**WORK ORDER:** What you return should be the lines from the one with "Eglo Townshend 5" through the one with "Modern architecture of" in the data below, reproduced exactly with both ends, and no pictures at all.

**RECORDED INFORMATION:**
***
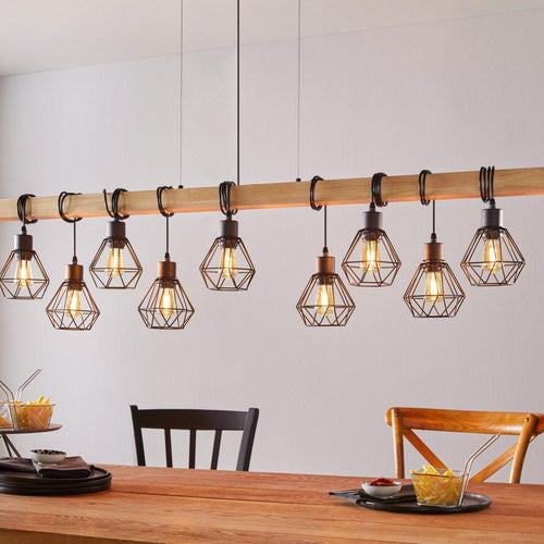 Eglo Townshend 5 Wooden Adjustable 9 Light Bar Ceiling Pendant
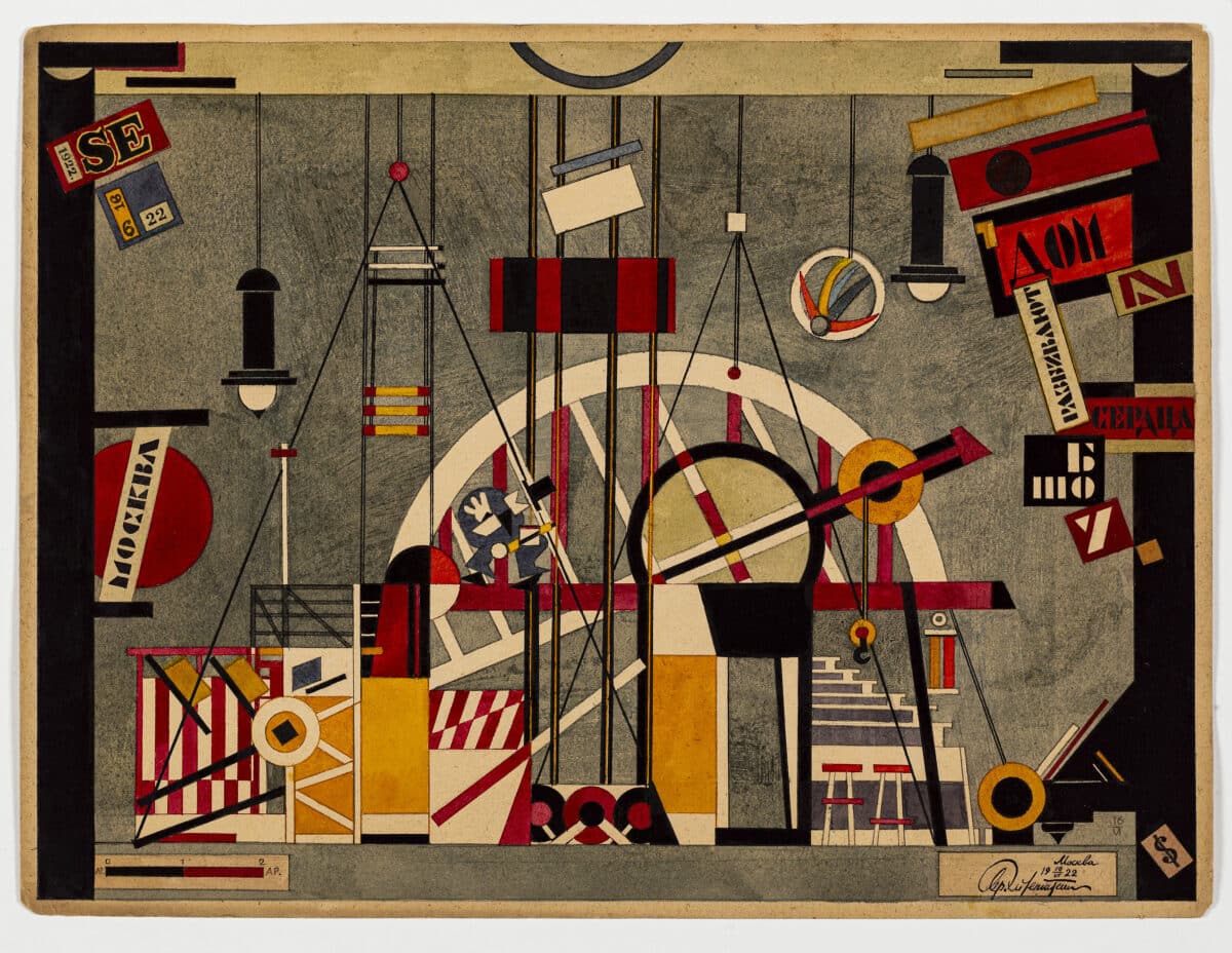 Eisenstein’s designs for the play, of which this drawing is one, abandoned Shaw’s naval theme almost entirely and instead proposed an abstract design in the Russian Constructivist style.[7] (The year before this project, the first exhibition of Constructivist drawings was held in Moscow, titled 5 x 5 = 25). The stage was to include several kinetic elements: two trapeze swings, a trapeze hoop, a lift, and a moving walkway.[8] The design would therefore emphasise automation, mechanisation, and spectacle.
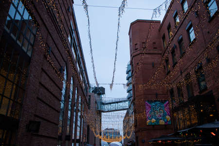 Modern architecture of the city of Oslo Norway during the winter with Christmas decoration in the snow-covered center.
***
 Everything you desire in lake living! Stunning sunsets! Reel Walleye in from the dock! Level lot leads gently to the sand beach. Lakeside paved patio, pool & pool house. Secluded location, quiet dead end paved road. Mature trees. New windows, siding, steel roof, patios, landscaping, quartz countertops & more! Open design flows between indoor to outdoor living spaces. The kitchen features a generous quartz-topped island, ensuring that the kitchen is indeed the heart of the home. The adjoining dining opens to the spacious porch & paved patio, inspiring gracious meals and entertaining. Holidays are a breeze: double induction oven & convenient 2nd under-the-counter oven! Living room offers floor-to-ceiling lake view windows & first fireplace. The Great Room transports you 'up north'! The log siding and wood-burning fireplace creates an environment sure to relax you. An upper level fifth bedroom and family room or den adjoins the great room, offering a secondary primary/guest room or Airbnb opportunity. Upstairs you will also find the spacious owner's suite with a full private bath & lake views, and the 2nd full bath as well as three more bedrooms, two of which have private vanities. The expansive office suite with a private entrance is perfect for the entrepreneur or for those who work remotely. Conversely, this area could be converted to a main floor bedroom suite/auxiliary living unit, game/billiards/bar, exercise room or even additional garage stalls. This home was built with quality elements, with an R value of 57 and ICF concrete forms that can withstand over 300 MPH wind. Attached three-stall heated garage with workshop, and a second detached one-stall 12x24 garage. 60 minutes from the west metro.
***
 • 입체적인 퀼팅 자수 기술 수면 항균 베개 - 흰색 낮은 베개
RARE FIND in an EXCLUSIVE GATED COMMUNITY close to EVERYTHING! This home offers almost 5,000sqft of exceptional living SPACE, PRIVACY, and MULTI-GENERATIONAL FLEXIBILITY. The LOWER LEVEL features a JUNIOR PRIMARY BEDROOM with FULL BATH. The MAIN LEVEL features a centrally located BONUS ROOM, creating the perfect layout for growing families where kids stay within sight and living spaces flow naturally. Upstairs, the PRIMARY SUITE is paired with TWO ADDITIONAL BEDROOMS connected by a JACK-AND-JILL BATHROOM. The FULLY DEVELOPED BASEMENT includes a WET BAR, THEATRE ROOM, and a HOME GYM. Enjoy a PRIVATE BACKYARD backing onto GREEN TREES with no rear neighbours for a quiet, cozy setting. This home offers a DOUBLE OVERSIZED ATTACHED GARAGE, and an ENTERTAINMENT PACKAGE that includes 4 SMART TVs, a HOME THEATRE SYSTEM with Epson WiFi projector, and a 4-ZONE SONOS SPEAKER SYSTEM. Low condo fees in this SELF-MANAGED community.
***
**YOUR SOLUTION:**
 Eglo Townshend 5 Wooden Adjustable 9 Light Bar Ceiling Pendant
 Eisenstein’s designs for the play, of which this drawing is one, abandoned Shaw’s naval theme almost entirely and instead proposed an abstract design in the Russian Constructivist style.[7] (The year before this project, the first exhibition of Constructivist drawings was held in Moscow, titled 5 x 5 = 25). The stage was to include several kinetic elements: two trapeze swings, a trapeze hoop, a lift, and a moving walkway.[8] The design would therefore emphasise automation, mechanisation, and spectacle.
 Modern architecture of the city of Oslo Norway during the winter with Christmas decoration in the snow-covered center.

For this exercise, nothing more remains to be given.